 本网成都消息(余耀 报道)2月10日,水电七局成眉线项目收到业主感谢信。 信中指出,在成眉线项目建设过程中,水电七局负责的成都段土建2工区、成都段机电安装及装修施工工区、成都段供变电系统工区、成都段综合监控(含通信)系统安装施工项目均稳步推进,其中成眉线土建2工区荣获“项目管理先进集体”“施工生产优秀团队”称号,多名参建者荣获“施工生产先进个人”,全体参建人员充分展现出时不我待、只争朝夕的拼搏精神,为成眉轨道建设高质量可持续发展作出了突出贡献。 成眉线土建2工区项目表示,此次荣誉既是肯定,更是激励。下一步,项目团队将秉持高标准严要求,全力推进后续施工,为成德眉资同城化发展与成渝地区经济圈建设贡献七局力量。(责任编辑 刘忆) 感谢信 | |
==
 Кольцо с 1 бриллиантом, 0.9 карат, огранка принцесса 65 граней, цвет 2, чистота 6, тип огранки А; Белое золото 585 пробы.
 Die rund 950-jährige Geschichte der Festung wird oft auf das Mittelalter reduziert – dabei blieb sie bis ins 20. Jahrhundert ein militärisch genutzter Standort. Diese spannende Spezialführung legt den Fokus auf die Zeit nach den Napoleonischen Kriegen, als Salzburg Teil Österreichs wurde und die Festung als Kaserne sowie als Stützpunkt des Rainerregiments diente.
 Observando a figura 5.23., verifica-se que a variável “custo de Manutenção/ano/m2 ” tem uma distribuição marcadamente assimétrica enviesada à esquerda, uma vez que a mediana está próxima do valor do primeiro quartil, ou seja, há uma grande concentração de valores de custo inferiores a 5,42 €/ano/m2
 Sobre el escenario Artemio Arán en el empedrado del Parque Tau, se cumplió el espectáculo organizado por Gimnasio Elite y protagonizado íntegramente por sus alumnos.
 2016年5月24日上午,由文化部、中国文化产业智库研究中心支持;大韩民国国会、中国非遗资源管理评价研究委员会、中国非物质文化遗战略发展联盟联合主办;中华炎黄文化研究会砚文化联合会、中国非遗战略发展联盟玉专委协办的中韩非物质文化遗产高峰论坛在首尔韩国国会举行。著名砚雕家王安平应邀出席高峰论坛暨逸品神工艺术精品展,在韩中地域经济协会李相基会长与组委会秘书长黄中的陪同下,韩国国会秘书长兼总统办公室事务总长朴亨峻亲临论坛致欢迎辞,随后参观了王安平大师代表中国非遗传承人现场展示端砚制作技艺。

## What you need to do
After locating the line holding "Die rund 950-jährige" above, output exactly that line and every line after it through the line holding "2016年5月24日上午,由". Include nothing else.

## Reply to the task
 Die rund 950-jährige Geschichte der Festung wird oft auf das Mittelalter reduziert – dabei blieb sie bis ins 20. Jahrhundert ein militärisch genutzter Standort. Diese spannende Spezialführung legt den Fokus auf die Zeit nach den Napoleonischen Kriegen, als Salzburg Teil Österreichs wurde und die Festung als Kaserne sowie als Stützpunkt des Rainerregiments diente.
 Observando a figura 5.23., verifica-se que a variável “custo de Manutenção/ano/m2 ” tem uma distribuição marcadamente assimétrica enviesada à esquerda, uma vez que a mediana está próxima do valor do primeiro quartil, ou seja, há uma grande concentração de valores de custo inferiores a 5,42 €/ano/m2
 Sobre el escenario Artemio Arán en el empedrado del Parque Tau, se cumplió el espectáculo organizado por Gimnasio Elite y protagonizado íntegramente por sus alumnos.
 2016年5月24日上午,由文化部、中国文化产业智库研究中心支持;大韩民国国会、中国非遗资源管理评价研究委员会、中国非物质文化遗战略发展联盟联合主办;中华炎黄文化研究会砚文化联合会、中国非遗战略发展联盟玉专委协办的中韩非物质文化遗产高峰论坛在首尔韩国国会举行。著名砚雕家王安平应邀出席高峰论坛暨逸品神工艺术精品展,在韩中地域经济协会李相基会长与组委会秘书长黄中的陪同下,韩国国会秘书长兼总统办公室事务总长朴亨峻亲临论坛致欢迎辞,随后参观了王安平大师代表中国非遗传承人现场展示端砚制作技艺。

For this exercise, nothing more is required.